Carney Pushes Canada Toward New Global Trade Order, Eyes China and Smaller Alliances

Canadian Prime Minister Mark Carney is accelerating efforts to diversify Canada’s trade ties, pursuing closer cooperation with China and expanding a network of smaller trade deals as U.S. President Donald Trump’s tariff-driven policies disrupt long-standing global alliances. Carney, a former head of the Bank of Canada and Bank of England, said Canada will champion “plurilateral” agreements among smaller groups of countries, positioning itself as a bridge between the European Union and Pacific Rim nations. Speaking during a stop in Doha ahead of the Davos gathering, Carney said global multilateral institutions are weakening, calling for fresh economic partnerships to stabilize international trade.

Despite this push, analysts say Canada remains heavily constrained by its economic dependency on the United States, which still buys nearly 70% of Canadian exports.

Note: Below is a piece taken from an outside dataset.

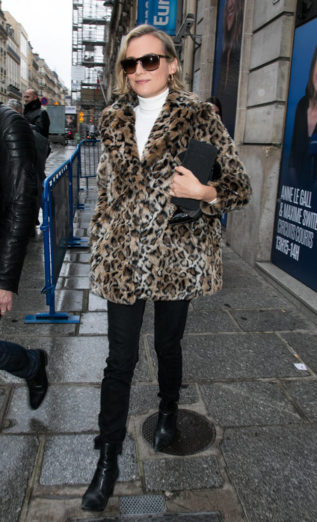 Τι μπορούμε να πούμε για το στυλ της Diane Kruger; Είτε φοράει τζιν και ένα T-shirt  είτε μια δημιουργία Υψηλής Ραπτικής σε ένα κόκκινο χαλί, πάντα φαίνεται ενδυματολογικά αλάνθαστη και η πιο πρόσφατη εμφάνιση της δεν αποτελεί εξαίρεση. Η ηθοποιός αυτή τη φορά επέλεξε ένα faux-fur παλτό με λεοπάρ μοτίβο που ήταν τόσο κομψό όσο και άνετο. Συνδυασμένο τέλεια με ένα εκρού τοπ με ζιβάγκο, μαύρο τζιν και μποτάκια με το look της επιβεβαιώνει για ακόμα μια φορά τη φήμη του απόλυτα κομψού και διαχρονικού μοτίβου.
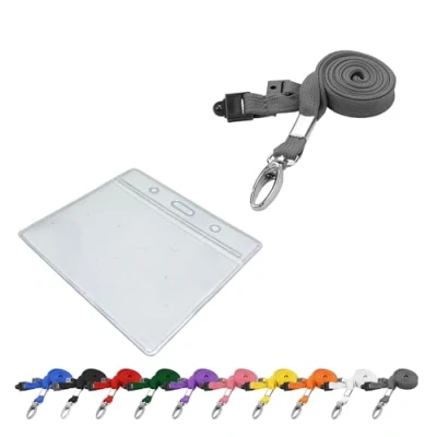 ID Lanyard Neck Strap with Metal Clip and Breakaway Safety & Name Badge Pocket Sleeve, Grey PCL Media ltd

Export Development Canada estimates that cutting reliance on the U.S. even by 10% would require Canada to dramatically increase exports to several major markets, including China, Germany, France, Mexico, Italy, India — or similar economies. Carney has pledged to double Canada’s non-U.S. exports over the next decade, but experts warn that a deeper shift toward China may bring long-term risks, including the possibility of Chinese manufacturers flooding the Canadian market across multiple product categories.

Carney recently became the first Canadian prime minister to visit Qatar and the first to travel to China since 2017, describing Beijing as a more predictable partner than Washington. He is also expected to visit India after diplomatic ties were restored and trade talks resumed. Canada has concluded trade deals with Ecuador and Indonesia, signed investment agreements with the UAE, and plans next to focus on expanding ties with the Philippines, Thailand, Mercosur, Saudi Arabia, and India. However, economists note that U.S. dominance in Canadian trade—especially in energy, where around 90% of Canadian crude goes to the U.S.—is unlikely to decline sharply in the near term, with many businesses waiting for the outcome of U.S.-Mexico-Canada trade agreement negotiations this year.